* PROBLEM REQUIREMENTS *
The answer is all of the data repeated exactly, with each picture omitted.

--- SOURCE DATA Enclosed Below ---

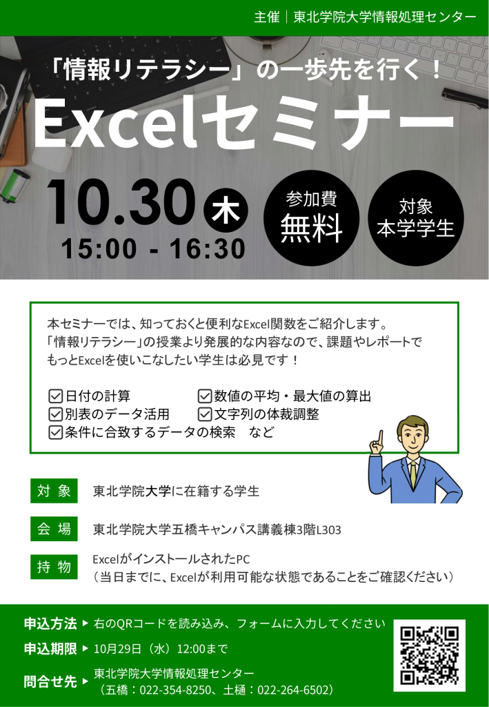 この度、東北学院大学情報処理センターでは、「Excelセミナー」を開催します。
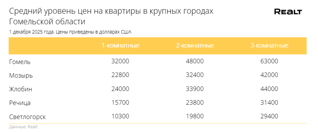 Для сравнения приведем средние цены на квартиры в других городах Беларуси:
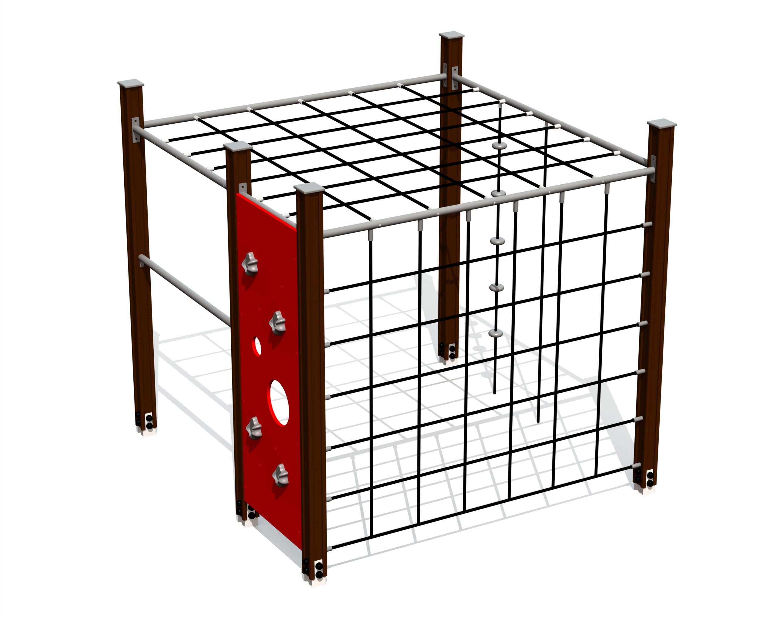 Mångsidig klätterlösning med nät, stege, horisontell stång och klätterrep.
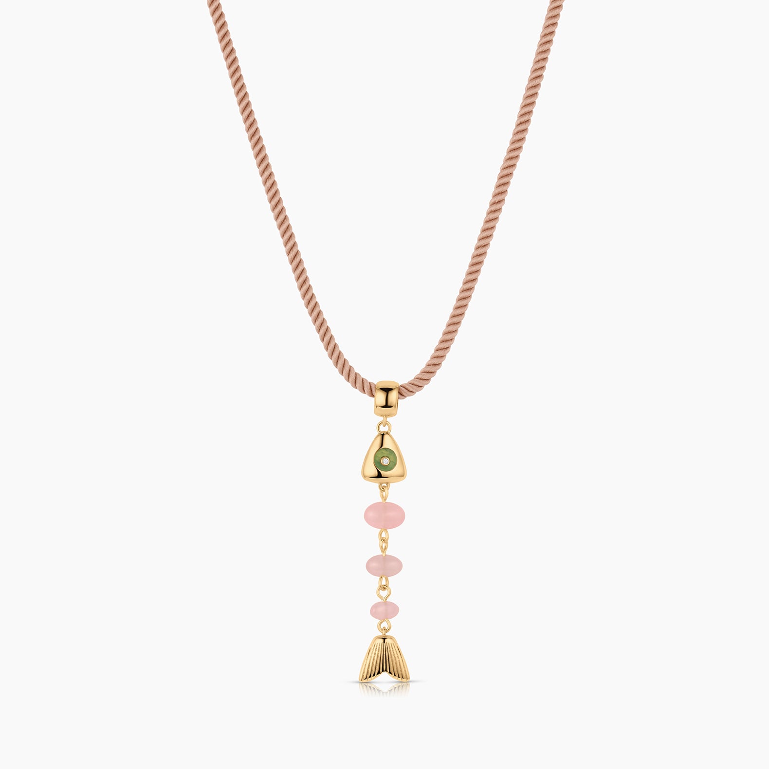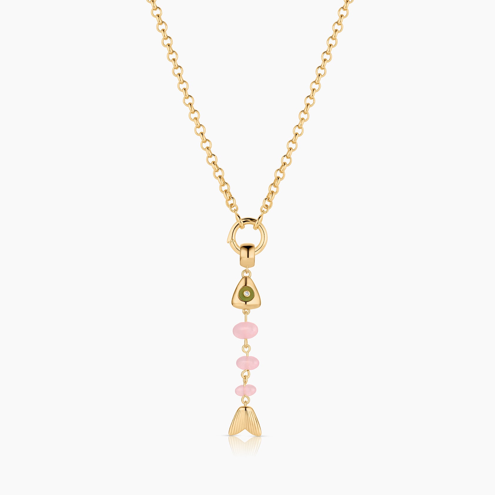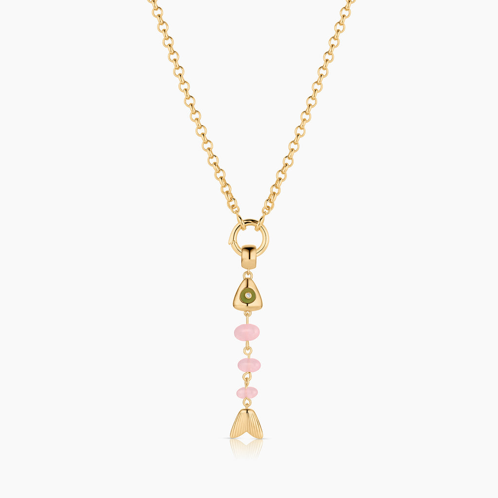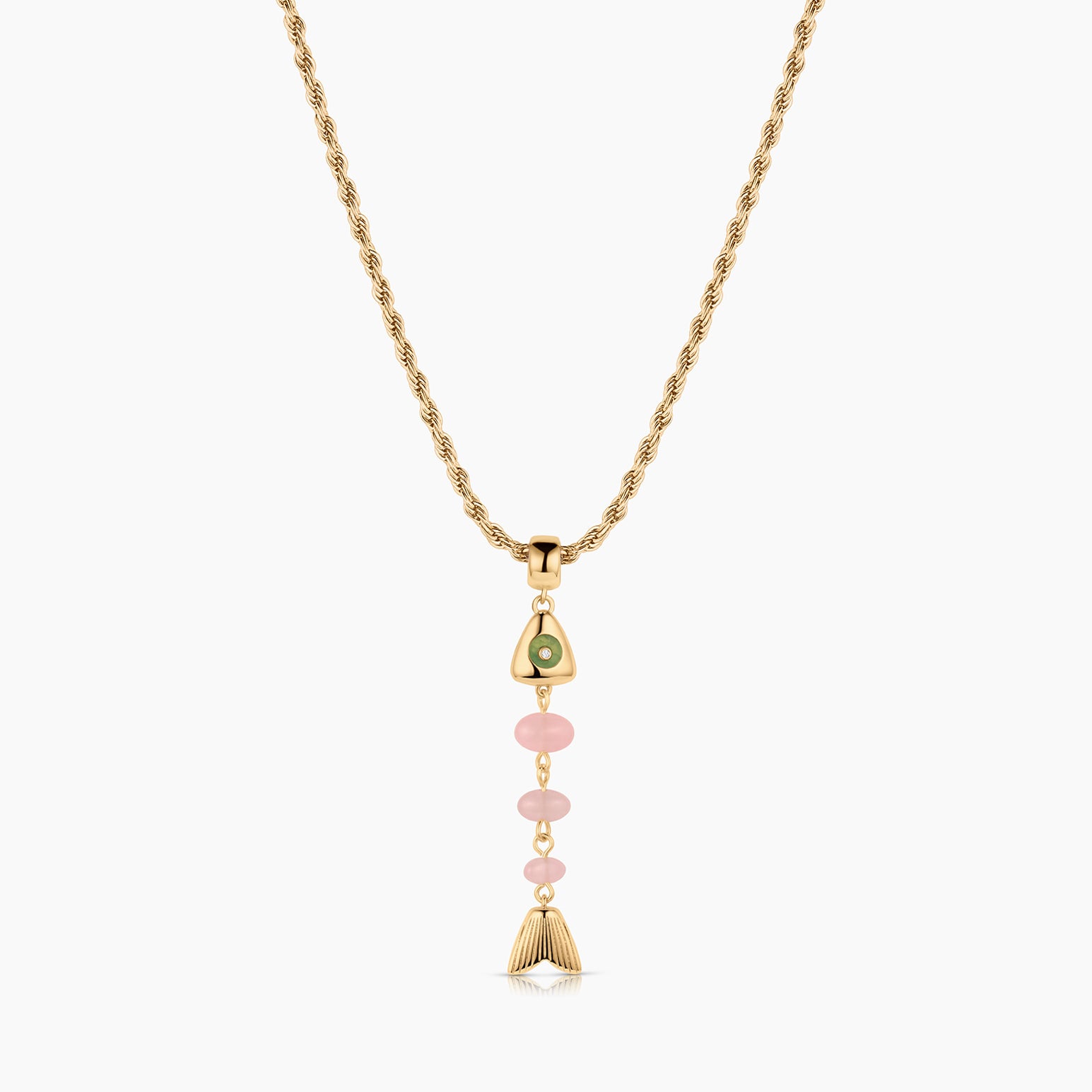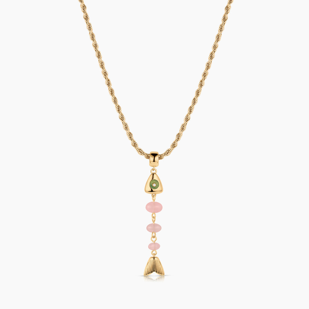 Materials: 14k gold plated, hand-carved pink jade with a chrysoprase eye, cubic zirconia

--- End of Enclosed SOURCE DATA ---

* RESPONSE AREA *
 この度、東北学院大学情報処理センターでは、「Excelセミナー」を開催します。
 Для сравнения приведем средние цены на квартиры в других городах Беларуси:
 Mångsidig klätterlösning med nät, stege, horisontell stång och klätterrep.
 Materials: 14k gold plated, hand-carved pink jade with a chrysoprase eye, cubic zirconia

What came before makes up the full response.